═════ Given data
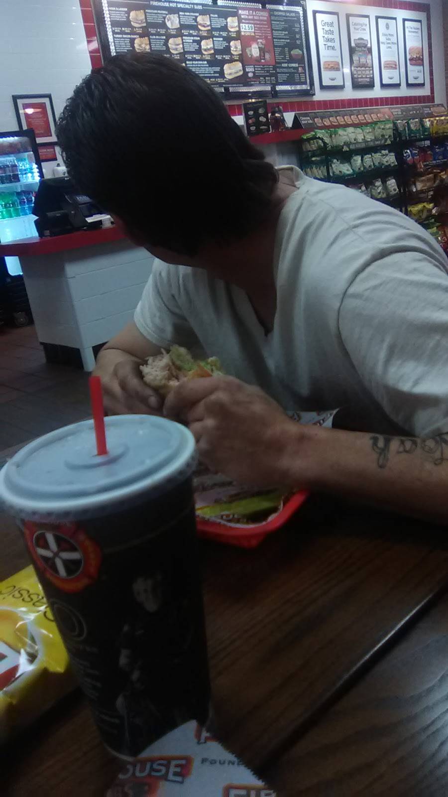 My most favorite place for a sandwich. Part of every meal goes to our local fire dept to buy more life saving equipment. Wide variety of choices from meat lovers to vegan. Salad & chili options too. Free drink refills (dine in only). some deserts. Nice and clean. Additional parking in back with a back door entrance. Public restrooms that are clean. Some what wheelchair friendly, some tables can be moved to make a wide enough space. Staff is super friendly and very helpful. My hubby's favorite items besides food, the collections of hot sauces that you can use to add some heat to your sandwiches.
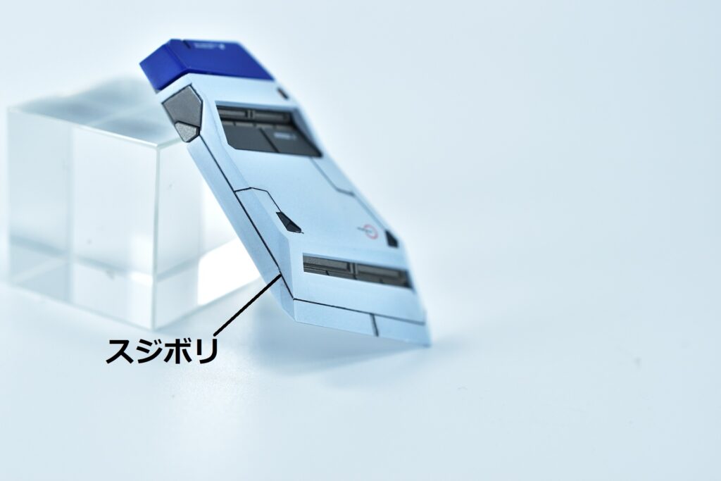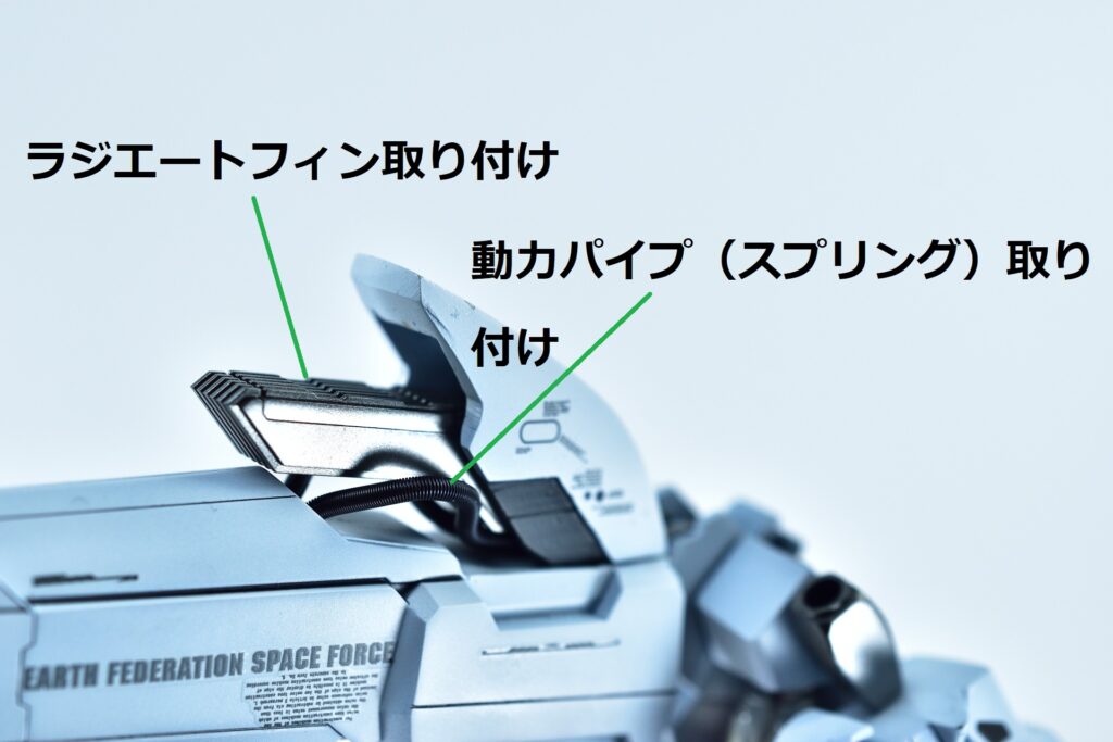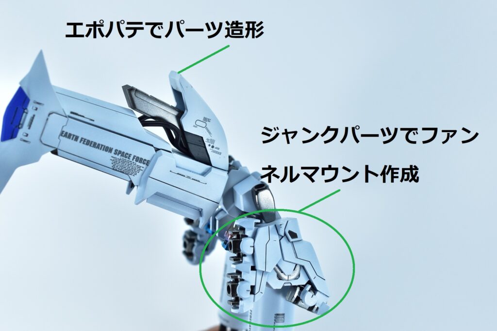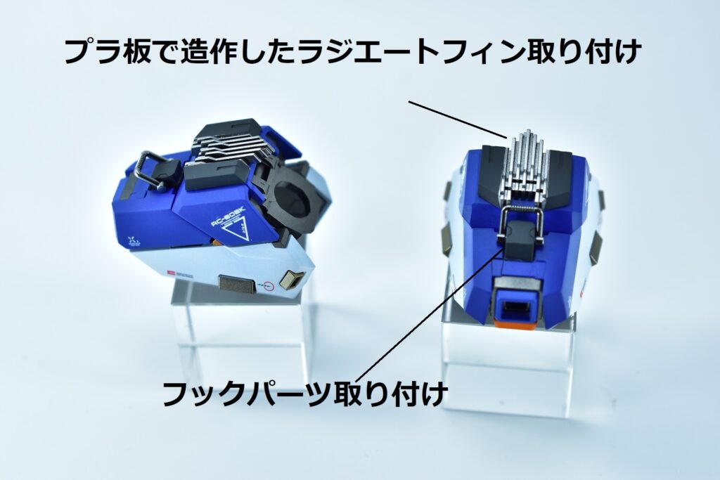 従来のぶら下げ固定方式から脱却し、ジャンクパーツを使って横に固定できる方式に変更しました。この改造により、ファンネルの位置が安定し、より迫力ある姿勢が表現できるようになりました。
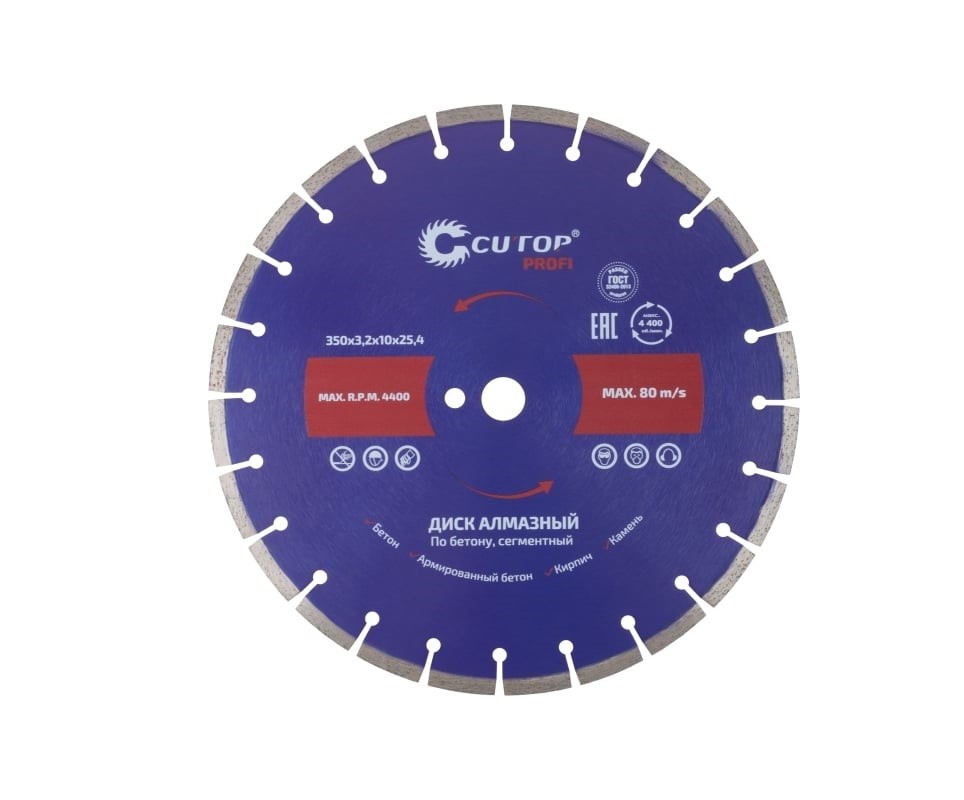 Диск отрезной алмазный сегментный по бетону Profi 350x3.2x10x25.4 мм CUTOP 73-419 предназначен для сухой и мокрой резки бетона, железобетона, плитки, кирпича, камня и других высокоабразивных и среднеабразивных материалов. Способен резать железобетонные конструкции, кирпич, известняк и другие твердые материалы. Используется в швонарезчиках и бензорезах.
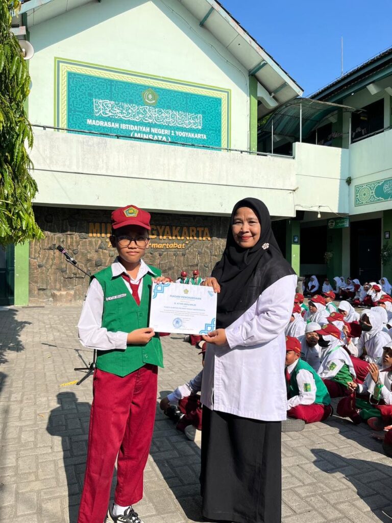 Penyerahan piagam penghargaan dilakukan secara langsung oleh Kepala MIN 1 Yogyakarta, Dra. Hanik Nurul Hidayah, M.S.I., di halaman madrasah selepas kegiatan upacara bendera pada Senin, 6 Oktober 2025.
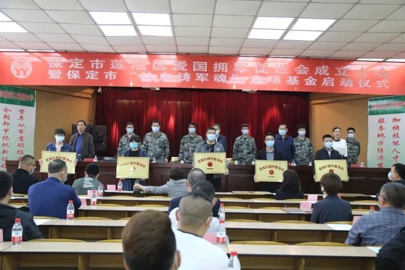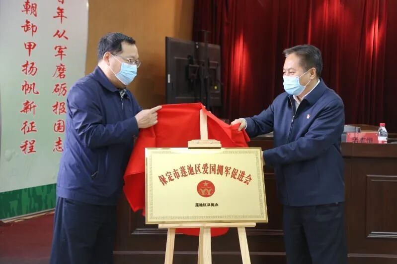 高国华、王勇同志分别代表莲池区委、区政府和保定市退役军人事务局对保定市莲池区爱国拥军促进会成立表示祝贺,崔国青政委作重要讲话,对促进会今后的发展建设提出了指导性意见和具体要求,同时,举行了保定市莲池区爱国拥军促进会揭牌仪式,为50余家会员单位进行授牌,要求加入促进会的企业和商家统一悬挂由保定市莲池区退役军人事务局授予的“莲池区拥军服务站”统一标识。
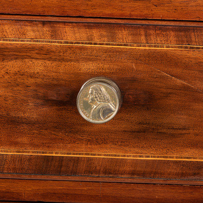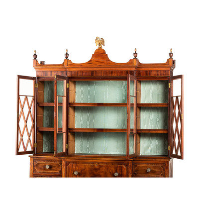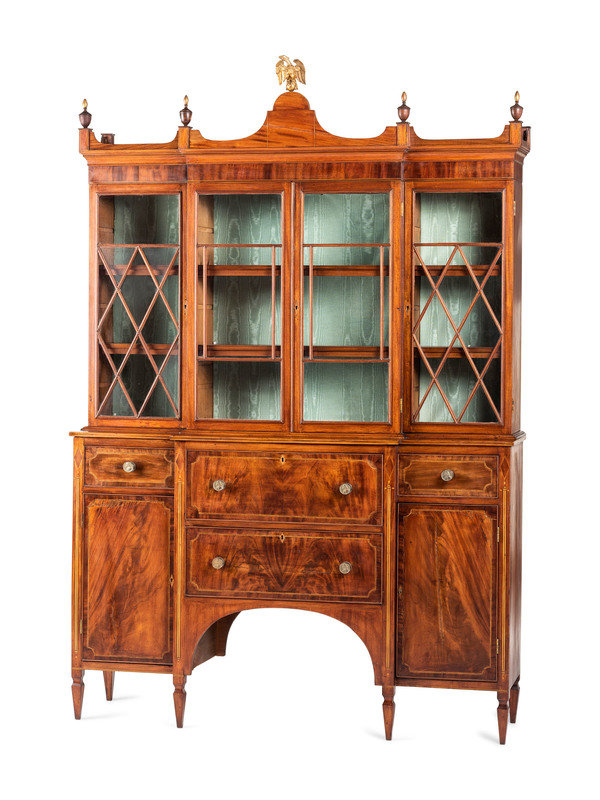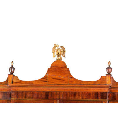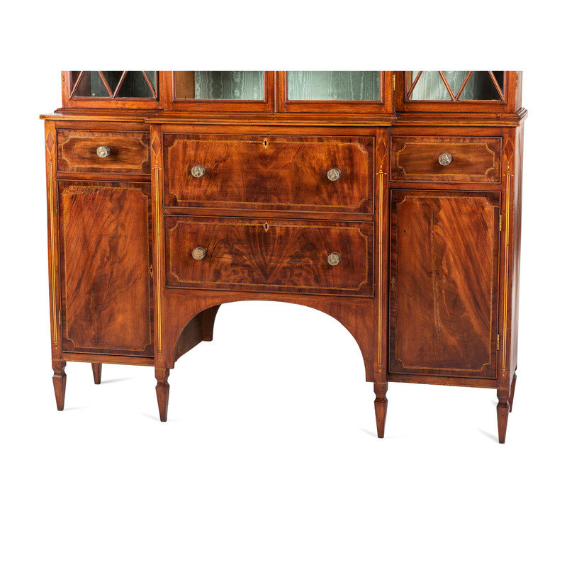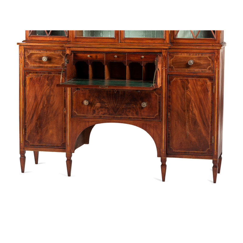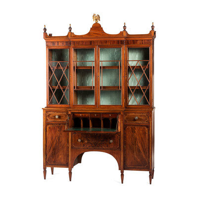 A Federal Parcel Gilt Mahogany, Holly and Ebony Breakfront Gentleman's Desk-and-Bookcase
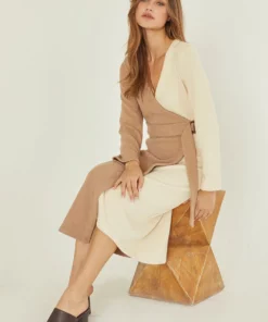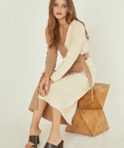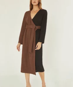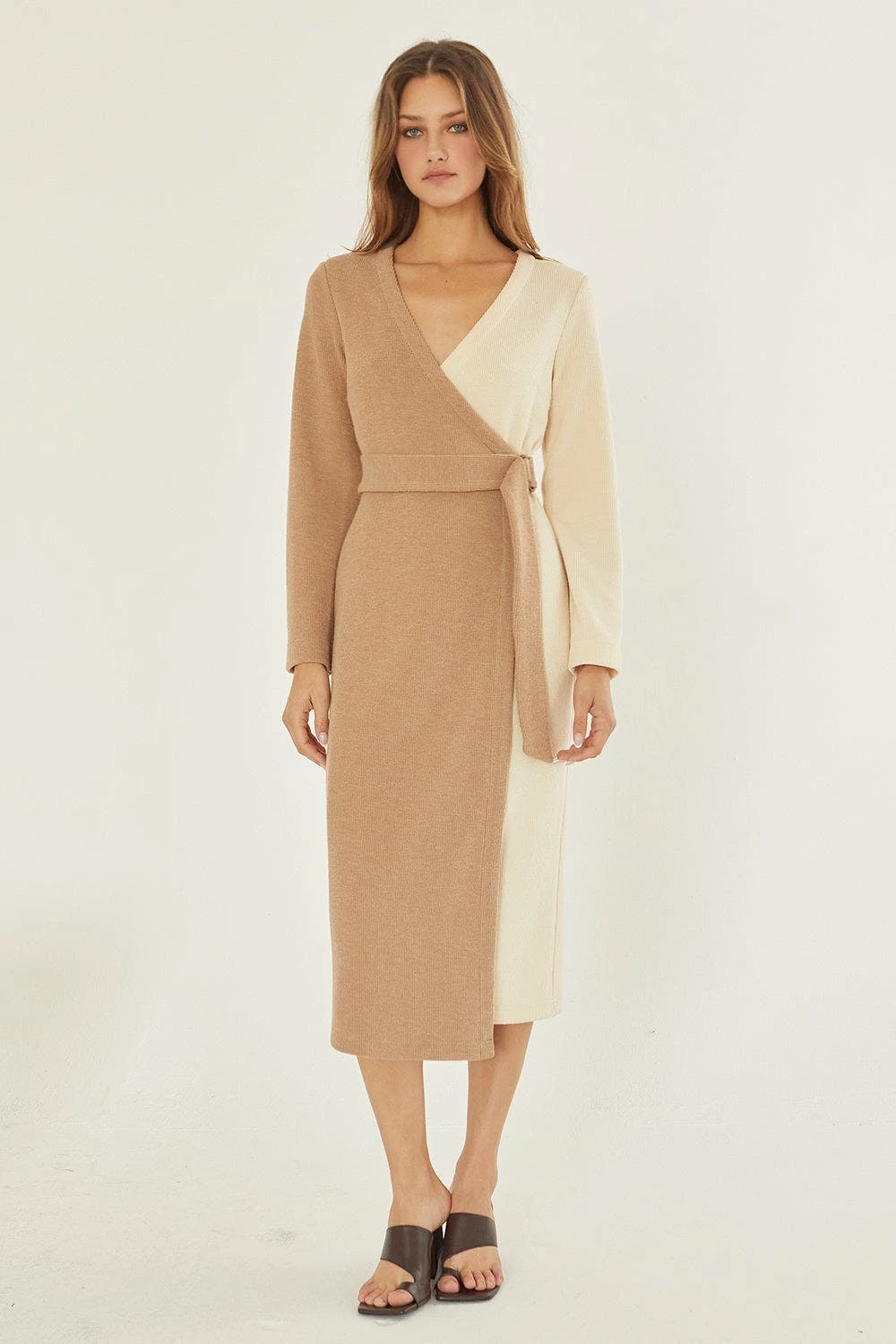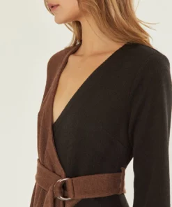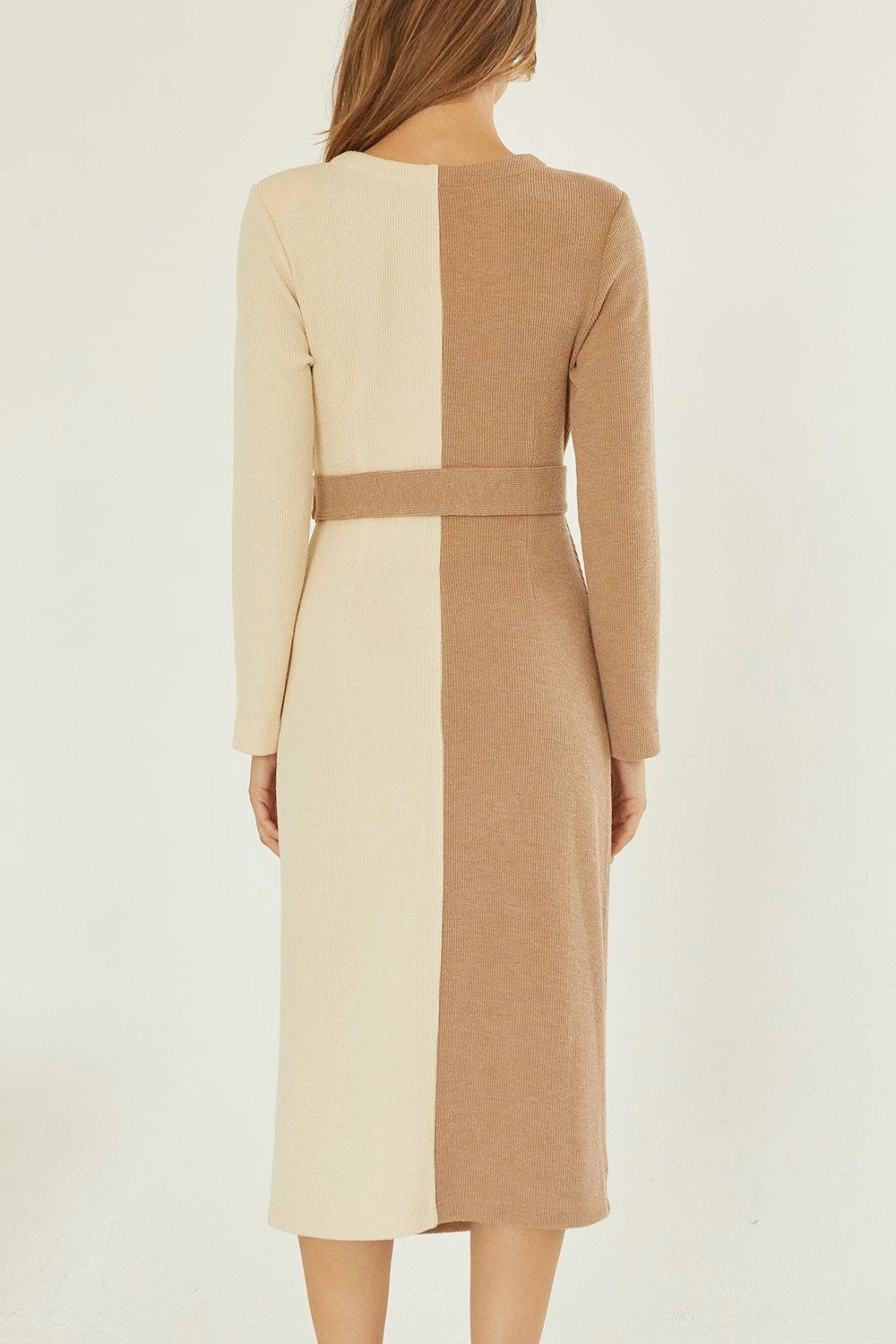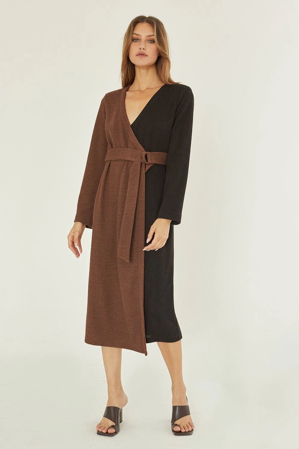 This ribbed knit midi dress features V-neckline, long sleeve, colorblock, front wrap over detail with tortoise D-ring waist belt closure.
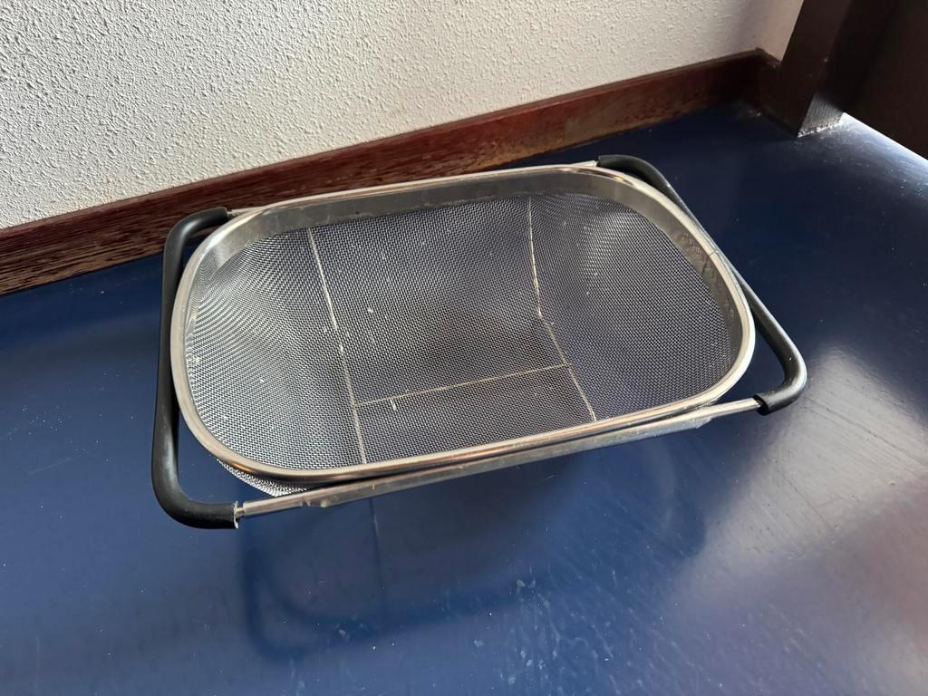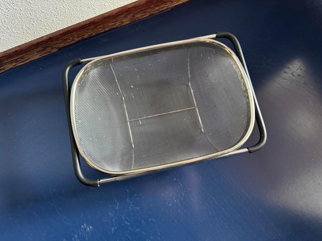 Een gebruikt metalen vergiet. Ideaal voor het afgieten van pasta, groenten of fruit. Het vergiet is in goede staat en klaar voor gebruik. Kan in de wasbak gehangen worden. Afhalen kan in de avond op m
══════════
Every line from the top of the material above through the line with "Диск отрезной алмазный" should be duplicated exactly, please; leave out the pictures.

Answer for the task =
 My most favorite place for a sandwich. Part of every meal goes to our local fire dept to buy more life saving equipment. Wide variety of choices from meat lovers to vegan. Salad & chili options too. Free drink refills (dine in only). some deserts. Nice and clean. Additional parking in back with a back door entrance. Public restrooms that are clean. Some what wheelchair friendly, some tables can be moved to make a wide enough space. Staff is super friendly and very helpful. My hubby's favorite items besides food, the collections of hot sauces that you can use to add some heat to your sandwiches.
 従来のぶら下げ固定方式から脱却し、ジャンクパーツを使って横に固定できる方式に変更しました。この改造により、ファンネルの位置が安定し、より迫力ある姿勢が表現できるようになりました。
 Диск отрезной алмазный сегментный по бетону Profi 350x3.2x10x25.4 мм CUTOP 73-419 предназначен для сухой и мокрой резки бетона, железобетона, плитки, кирпича, камня и других высокоабразивных и среднеабразивных материалов. Способен резать железобетонные конструкции, кирпич, известняк и другие твердые материалы. Используется в швонарезчиках и бензорезах.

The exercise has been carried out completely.